The Tirah Field Force – Bravery of the Sikh Troops

To get to Tirah, the Force had to march through demanding terrain and the feats of bravery in combat and mountaineering of the Indian Army have been well recorded. In one instance, some 250 men of an unspecified Indian artillery regiment were told to move their guns across a mountain pass. G. A. Henty, referencing the event, describes it as a ‘splendid feat’ when the 250 Indians led by 2 British officers brought the guns by hand (their horses having gone lame or died) through the mountain pass in just a few days through immensely deep snow.

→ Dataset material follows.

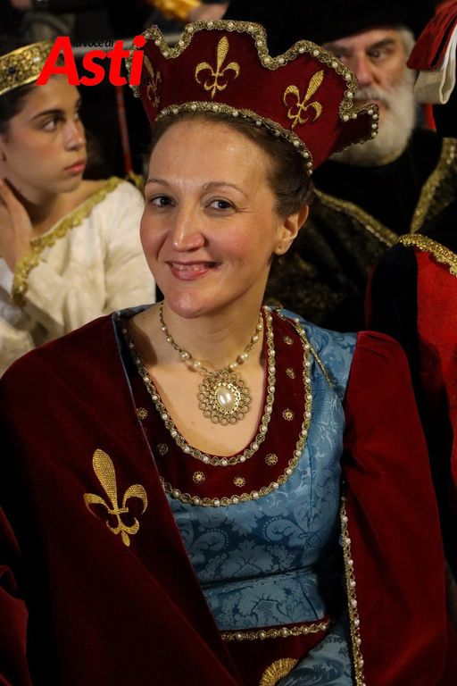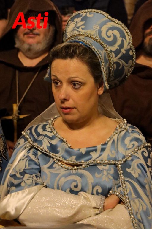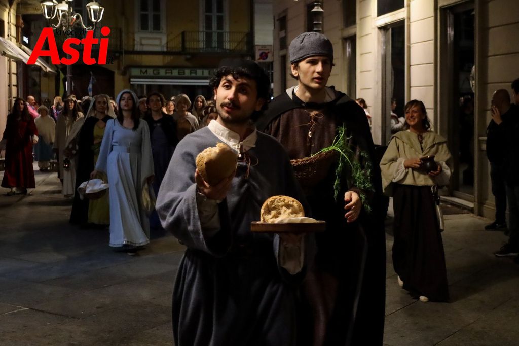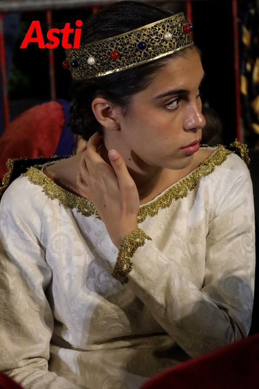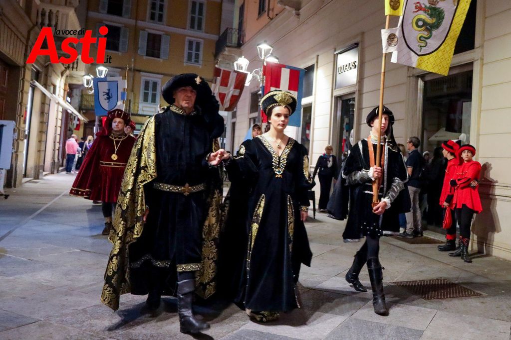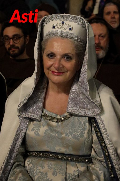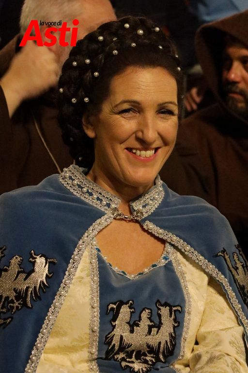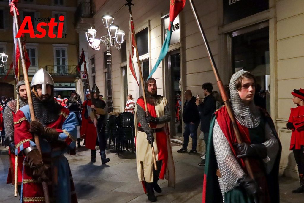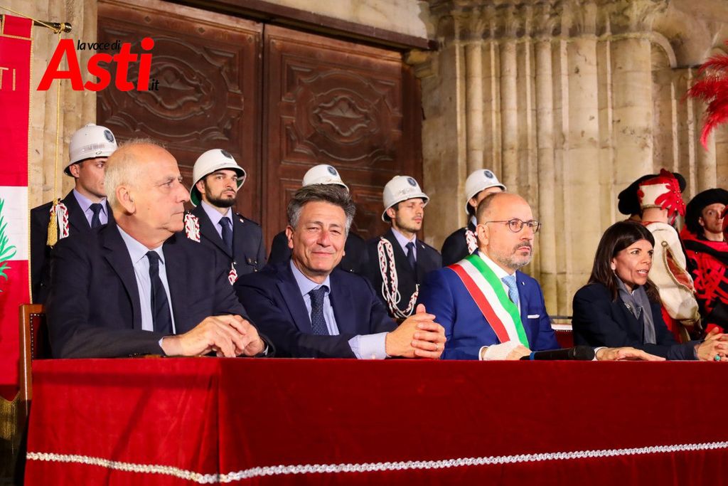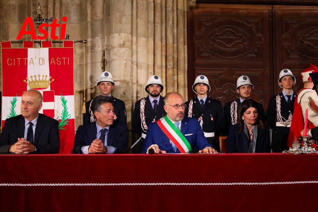 A rendere ancora più ricco il quadro simbolico, la scritta latina "Sicut Fieri Solet Ast, in festa Beati Secundi" (Come si è soliti fare ad Asti nella Festa di San Secondo) tratti dal memoriale del Ventura del 1275 e testimonianza scritta più antica della corsa - un richiamo esplicito al 750° anniversario del Palio - disputato attorno alle mura di Alba in segno di scherno per la città rivale.

In another incident, Chamberlain describes an attack by two unspecified Indian infantry brigades on a ridgeline (Dagrai Heights) thought to be impregnable on October 18, 1897. It took the two brigades a few hours to link up but when they did, it was found that they had only taken 9 or 10 casualties. He describes also the action of 3 regiments on October 20, 1897 – the Gordon Highlanders, the King’s Own Scottish Borderers and the 15th Sikhs whom he credits with saving a retirement of an infantry brigade from an overwhelming counterattack by the tribesmen saying ‘the retirement was only saved from being a disaster by the coolness under fire of those fine regiments’. 

It is here worth noting that the 15th Sikhs and the Gordons had taken heavy losses in a surprise attack that very day suffering some 250 casualties among them. [5]

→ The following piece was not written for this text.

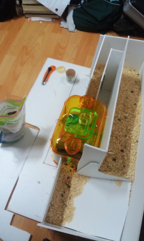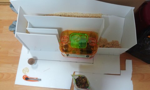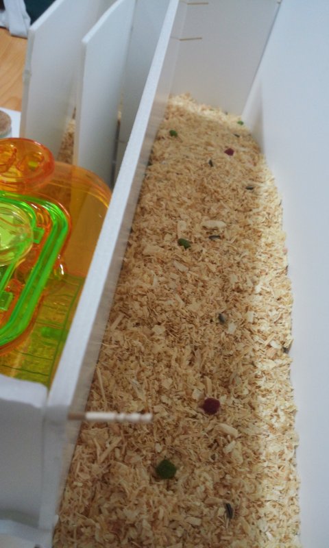 그리고 골든햄스터가 10~15 cm 까지 큰다고 해서 탈출하지 말라고 양 옆에 벽을 만들었어요.

In another instance of bravery and complete dominance by Indian troops, a Sikh battalion was given the order to secure another height from the tribesmen. Led by a Punjabi officer with a British 2IC (2nd in Command), the Battalion overwhelmed the enemy position though they were outnumbered 5 to 1.

 

The Malakand Field Force – Sikh Troops Shine Again

Churchill[6] – known for his admiration of Indian and ANZAC troops in WW2 – narrates an amazing incident where a 62-man Sikh unit was surrounded and outnumbered by the enemy. The only nearby friendly force, some British cavalry, was unable to breakthrough and rescue the Sikhs. It appears that having accepted death, the bugle sounded charge and the outnumbered men rose out of their positions and – swords drawn – charged the pathans (general word for Afghan tribesmen). Not expecting this, the pathans simply ran for no known reason and the small Sikh unit cut down hundreds of the retreating Pathans.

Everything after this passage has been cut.